← Credit & Cards

Cashback vs Rewards vs Air Miles Credit Cards in Malaysia: How to Choose

Edited by Teh Kim Guan, ACMA, CGMA · Updated 2026-06-24

The card type that earns you the most depends entirely on where and how you spend. A cashback card beats a miles card for a household focused on groceries and petrol. A miles card trounces everything else if you fly internationally two or more times a year. Rewards points cards sit in the middle: flexible but often less efficient than a specialist card on either end.

Here is how to work out which type fits your wallet.

The three card types explained

Cashback cards

Cashback cards pay you back a percentage of qualifying spending as a credit against your statement.

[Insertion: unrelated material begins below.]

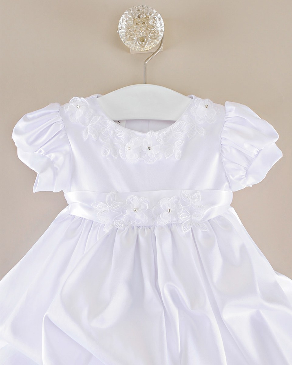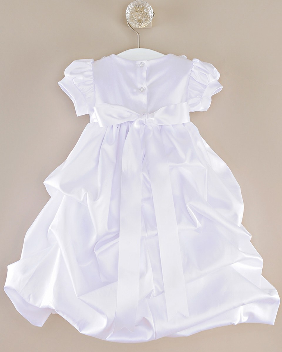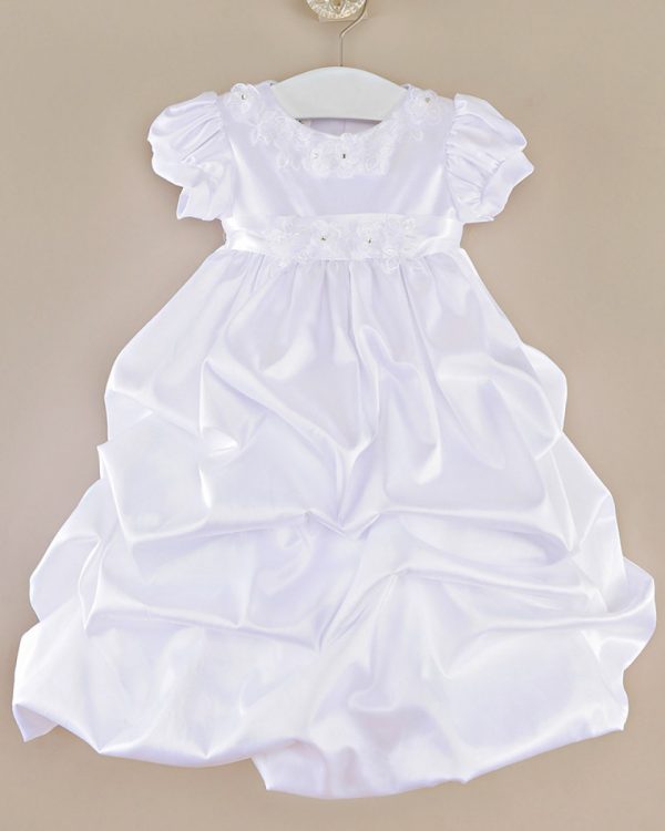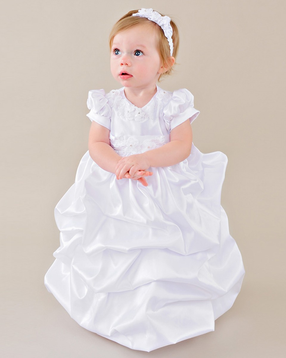 She’ll be the leading lady in this darling gown featuring dainty lace details and lavish billows of satin cascading down the skirt.

There are no points to track, no programme accounts to manage, and no conversion steps. The rebate simply reduces your next bill.

Malaysian banks typically structure cashback in one of two ways:

  • Category-based: a higher rate (3% to 15%) on specific spending like petrol, groceries, or dining, with a monthly cap per category.
  • Flat-rate: a lower rate (0.2% to 1%) on all spending, no caps, no conditions.

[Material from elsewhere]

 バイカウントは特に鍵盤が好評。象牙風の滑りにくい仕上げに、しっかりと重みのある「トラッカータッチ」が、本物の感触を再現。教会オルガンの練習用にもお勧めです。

The appeal is simplicity and certainty. You know exactly what you are getting back.

Rewards points cards

Rewards cards convert every ringgit spent into points, which you later redeem for cash credit, merchandise, vouchers, or transferred to airline or hotel programmes. Maybank’s TreatsPoints and CIMB’s Bonus Points are the two most widely held programmes in Malaysia.

The standard redemption rate across major Malaysian bank programmes is 500 points = RM1, meaning you effectively earn RM1 for every RM500 spent at a 1-point-per-ringgit earn rate. Points at both Maybank and CIMB expire after three years from the quarter in which they were earned, so they do not last forever.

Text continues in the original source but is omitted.